_WORK TASK_
Images do not belong in the copy. Retype the entries exactly.

BEGIN DATA EXTRACTS

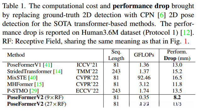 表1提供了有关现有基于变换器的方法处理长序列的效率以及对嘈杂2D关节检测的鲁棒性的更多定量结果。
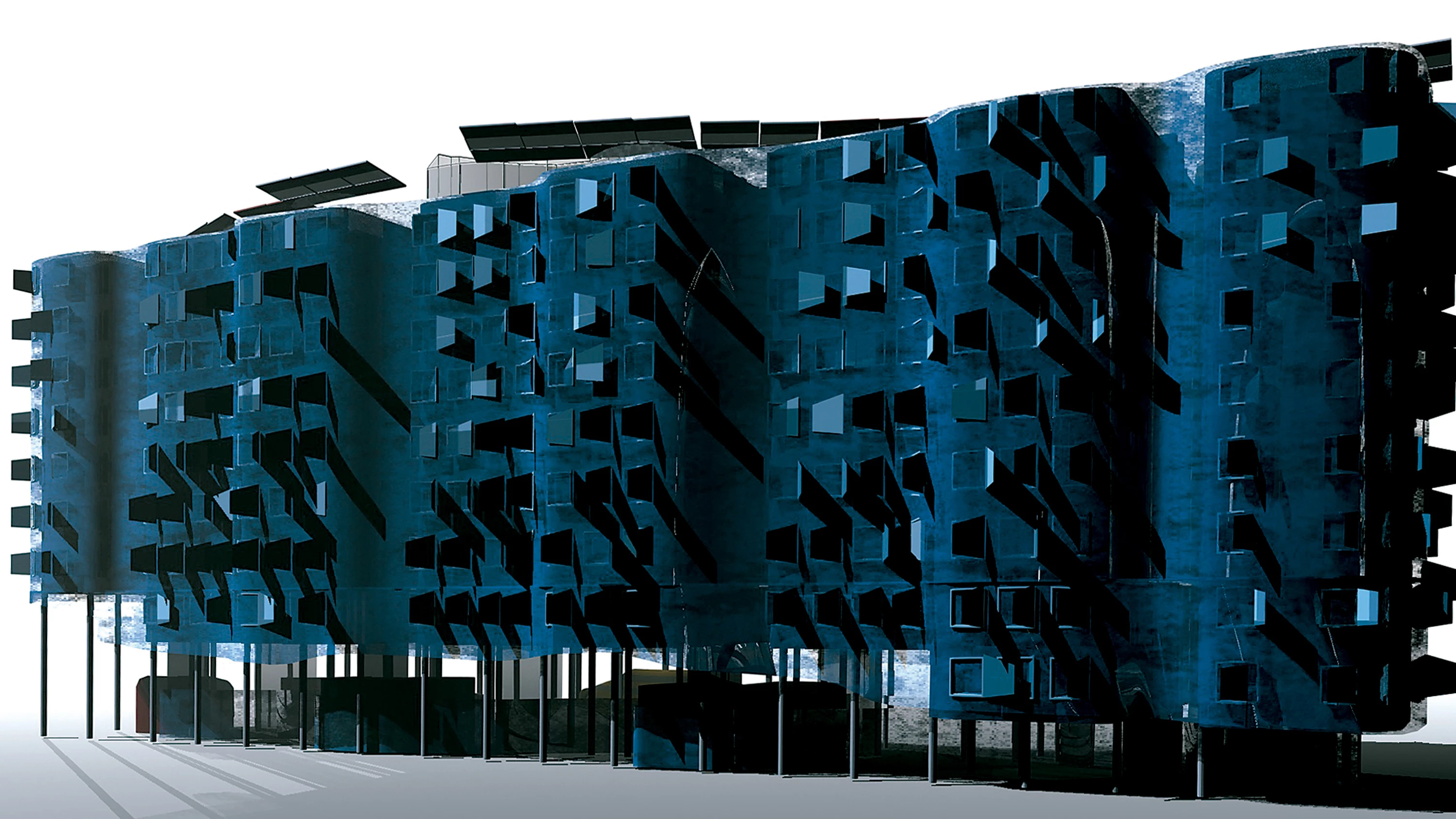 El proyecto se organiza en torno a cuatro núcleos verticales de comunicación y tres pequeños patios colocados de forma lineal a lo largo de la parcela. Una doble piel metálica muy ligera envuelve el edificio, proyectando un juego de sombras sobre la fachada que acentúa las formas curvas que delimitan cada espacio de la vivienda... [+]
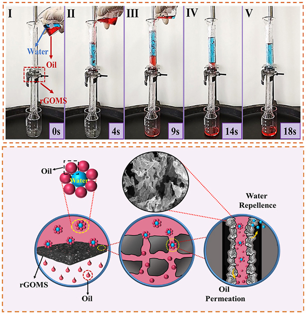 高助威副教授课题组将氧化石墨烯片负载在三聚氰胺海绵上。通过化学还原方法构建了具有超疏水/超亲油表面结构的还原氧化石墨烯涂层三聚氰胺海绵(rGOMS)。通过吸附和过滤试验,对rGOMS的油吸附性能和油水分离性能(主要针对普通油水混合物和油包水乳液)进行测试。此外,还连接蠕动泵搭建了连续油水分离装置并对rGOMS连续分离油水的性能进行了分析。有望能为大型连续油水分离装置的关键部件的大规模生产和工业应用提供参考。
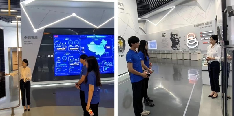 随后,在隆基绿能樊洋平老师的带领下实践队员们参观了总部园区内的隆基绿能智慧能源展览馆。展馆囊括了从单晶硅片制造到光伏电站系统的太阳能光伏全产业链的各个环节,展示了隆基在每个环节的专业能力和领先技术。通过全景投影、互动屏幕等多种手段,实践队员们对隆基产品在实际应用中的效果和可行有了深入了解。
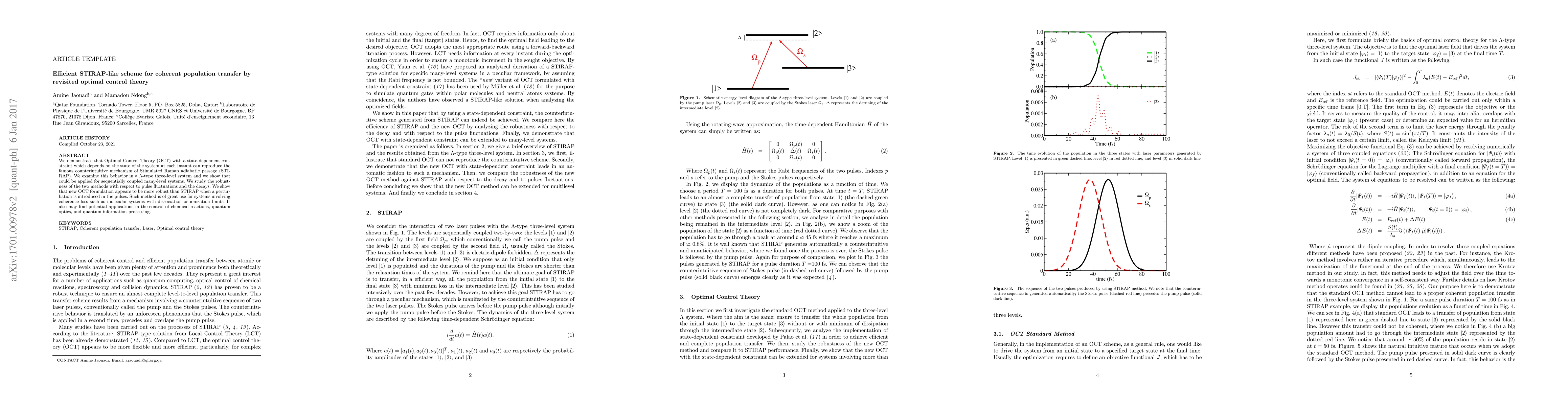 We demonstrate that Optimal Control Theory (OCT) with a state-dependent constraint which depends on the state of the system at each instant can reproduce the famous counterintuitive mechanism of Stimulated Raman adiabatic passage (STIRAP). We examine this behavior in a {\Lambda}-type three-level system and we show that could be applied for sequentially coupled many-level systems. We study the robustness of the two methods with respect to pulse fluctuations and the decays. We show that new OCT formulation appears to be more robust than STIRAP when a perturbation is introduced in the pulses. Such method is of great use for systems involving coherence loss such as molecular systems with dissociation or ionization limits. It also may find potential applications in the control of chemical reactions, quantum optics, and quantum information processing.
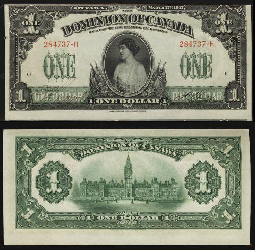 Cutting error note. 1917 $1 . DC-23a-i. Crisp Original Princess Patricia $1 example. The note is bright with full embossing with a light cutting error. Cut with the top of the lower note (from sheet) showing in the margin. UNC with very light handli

END DATA EXTRACTS

_SOLUTION FOR THIS PROBLEM_
 表1提供了有关现有基于变换器的方法处理长序列的效率以及对嘈杂2D关节检测的鲁棒性的更多定量结果。
 El proyecto se organiza en torno a cuatro núcleos verticales de comunicación y tres pequeños patios colocados de forma lineal a lo largo de la parcela. Una doble piel metálica muy ligera envuelve el edificio, proyectando un juego de sombras sobre la fachada que acentúa las formas curvas que delimitan cada espacio de la vivienda... [+]
 高助威副教授课题组将氧化石墨烯片负载在三聚氰胺海绵上。通过化学还原方法构建了具有超疏水/超亲油表面结构的还原氧化石墨烯涂层三聚氰胺海绵(rGOMS)。通过吸附和过滤试验,对rGOMS的油吸附性能和油水分离性能(主要针对普通油水混合物和油包水乳液)进行测试。此外,还连接蠕动泵搭建了连续油水分离装置并对rGOMS连续分离油水的性能进行了分析。有望能为大型连续油水分离装置的关键部件的大规模生产和工业应用提供参考。
 随后,在隆基绿能樊洋平老师的带领下实践队员们参观了总部园区内的隆基绿能智慧能源展览馆。展馆囊括了从单晶硅片制造到光伏电站系统的太阳能光伏全产业链的各个环节,展示了隆基在每个环节的专业能力和领先技术。通过全景投影、互动屏幕等多种手段,实践队员们对隆基产品在实际应用中的效果和可行有了深入了解。
 We demonstrate that Optimal Control Theory (OCT) with a state-dependent constraint which depends on the state of the system at each instant can reproduce the famous counterintuitive mechanism of Stimulated Raman adiabatic passage (STIRAP). We examine this behavior in a {\Lambda}-type three-level system and we show that could be applied for sequentially coupled many-level systems. We study the robustness of the two methods with respect to pulse fluctuations and the decays. We show that new OCT formulation appears to be more robust than STIRAP when a perturbation is introduced in the pulses. Such method is of great use for systems involving coherence loss such as molecular systems with dissociation or ionization limits. It also may find potential applications in the control of chemical reactions, quantum optics, and quantum information processing.
 Cutting error note. 1917 $1 . DC-23a-i. Crisp Original Princess Patricia $1 example. The note is bright with full embossing with a light cutting error. Cut with the top of the lower note (from sheet) showing in the margin. UNC with very light handli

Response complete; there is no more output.